Тут из темноты вынырнул незнакомый, нарядно одетый молодец. Аннушка дурашливо вскрикнула, за что получила от матушки Ульянеи два увесистых тумака.
— Полно тебе глотку-то драть, будто и впрямь испужалась. Знаю я тебя! А ты куда прешь, не видишь, игуменья идет?

 

Андрюха, почтительно склонившись перед Ульянеей, незаметно озорно подмигнул Марфуше. Ту как огнем обдало.
— Старец Филофей с Белоозера просил передать тебе, матушка, низкий поклон.
Никакого старца Филофея Андрюха никогда и знать не знал.
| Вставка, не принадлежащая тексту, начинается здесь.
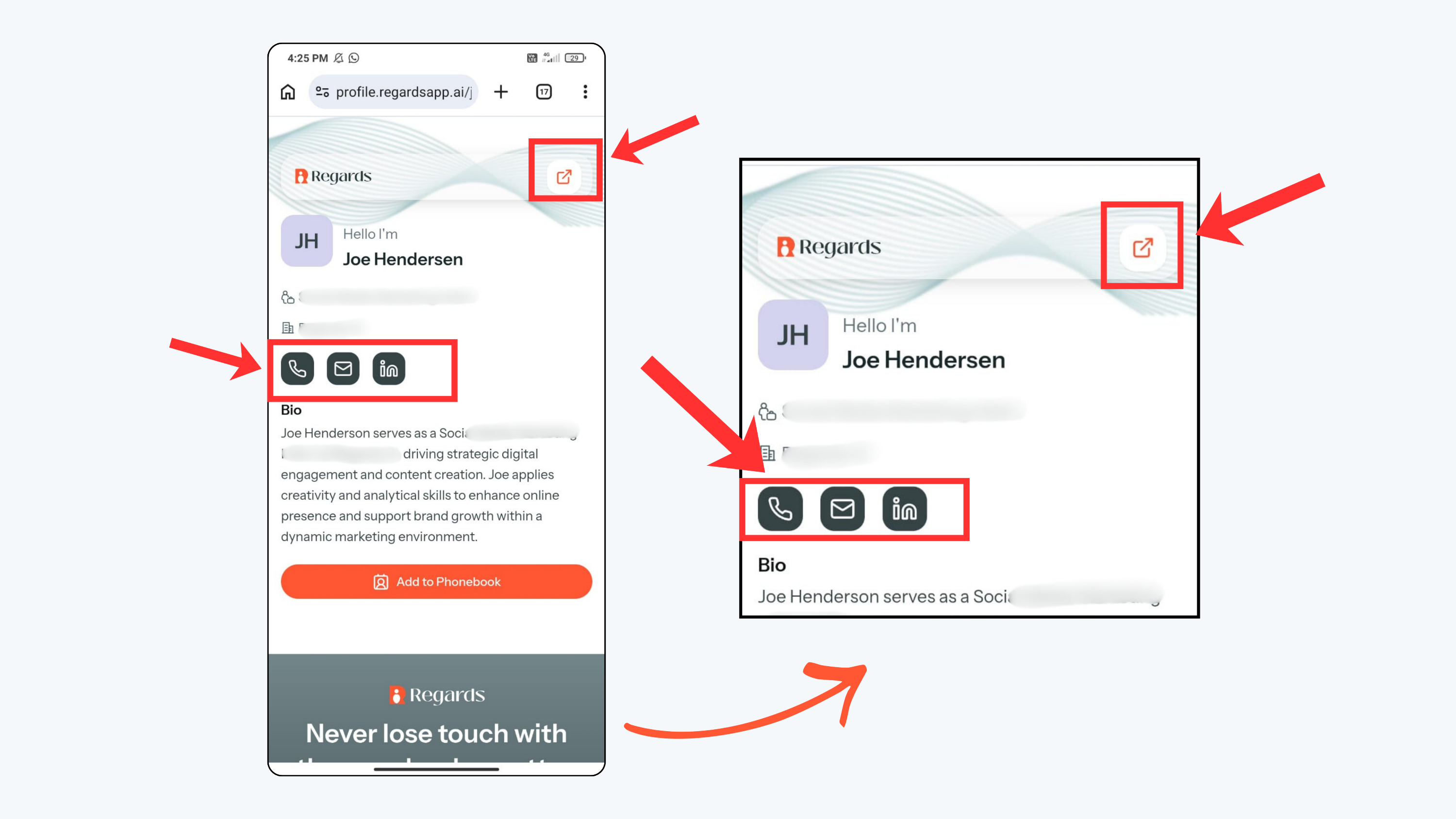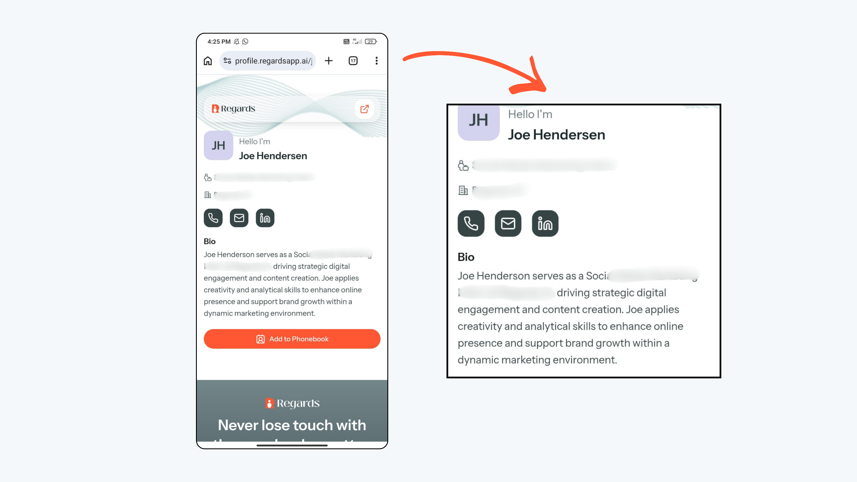 Regards AI automatically creates a digital card and personal profile page for you. This page works like your online visiting card and can be shared with anyone.

Это была условная речь, на которую игуменья отвечала так же условно:
— Старца Филофея я почитала и почитать буду. В добром ли он здравии?
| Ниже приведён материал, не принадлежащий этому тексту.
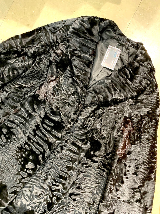 Luxurious Swakara black real fur coat, 80s Italy mint condition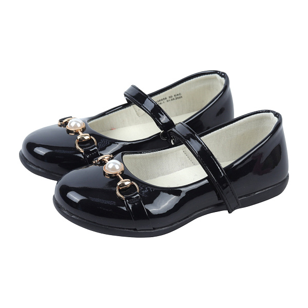 Туфли для девочки имеют черный цвет и лаковое покрытие. Внешний вид отличается блеском и гладкостью поверхности. На передней части туфель расположена жемчужина и металлические кольца как украшения. Застежка выполнена в виде ремешка с липучкой. Это позволяет легко надевать и снимать обувь. Форма туфель простая, без каблука
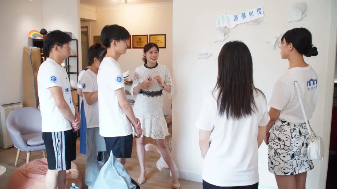 2021年7月17日,350vip浦京集团官网“‘心’青年,‘新’视点——就业实践团”来到了他们的第二站:漫漫心理工作室。

— Жив-здоров, матушка, чего и тебе желает.
— Ну и слава Богу. Пойдешь в мою келью и доподлинно расскажешь мне о нем.
В келье, куда они вошли, было тепло и уютно. Мать Ульянея сбросила шубу на руки шустрой келейницы и взглядом указала ей на дверь. Повторять приказание не пришлось. Игуменья села на обитую красным аксамитом скамью и застонала от боли.
— Стегно что-то ноет, сил нет, — пожаловалась она Андрюхе. — Присядь-ка рядком, расскажи что к чему. Да не ори на весь монастырь.
— Велено мне, матушка, передать грамотку.
— И только-то?
— Больше ничего.
— Ну так давай ее.
Андрюха вытащил из-за пазухи тщательно завернутую в тряпицу небольшую грамоту и передал игуменье. Та приблизила к себе свечу и, шевеля губами, стала с трудом разбирать написанное.
— Стара стала, глаза совсем ничего не видят, — проворчала она и вдруг вся преобразилась: глаза по-молодому заблестели, на щеках проступил румянец. — Ты ступай, ступай, добрый молодец. Завтра после заутрени зайдешь за ответом. Келейница Евфимия проводит тебя в трапезную.
Ульянея хлопнула в ладоши и торопливо распорядилась насчет трапезы.
Едва Андрей вышел, игуменья так и впилась глазами в каждую буквицу. Да и как было не впиться, если грамота была написана самим Василием Патрикеевым, первой и последней любовью боярыни Агриппины Пронской, в иночестве Ульянеи!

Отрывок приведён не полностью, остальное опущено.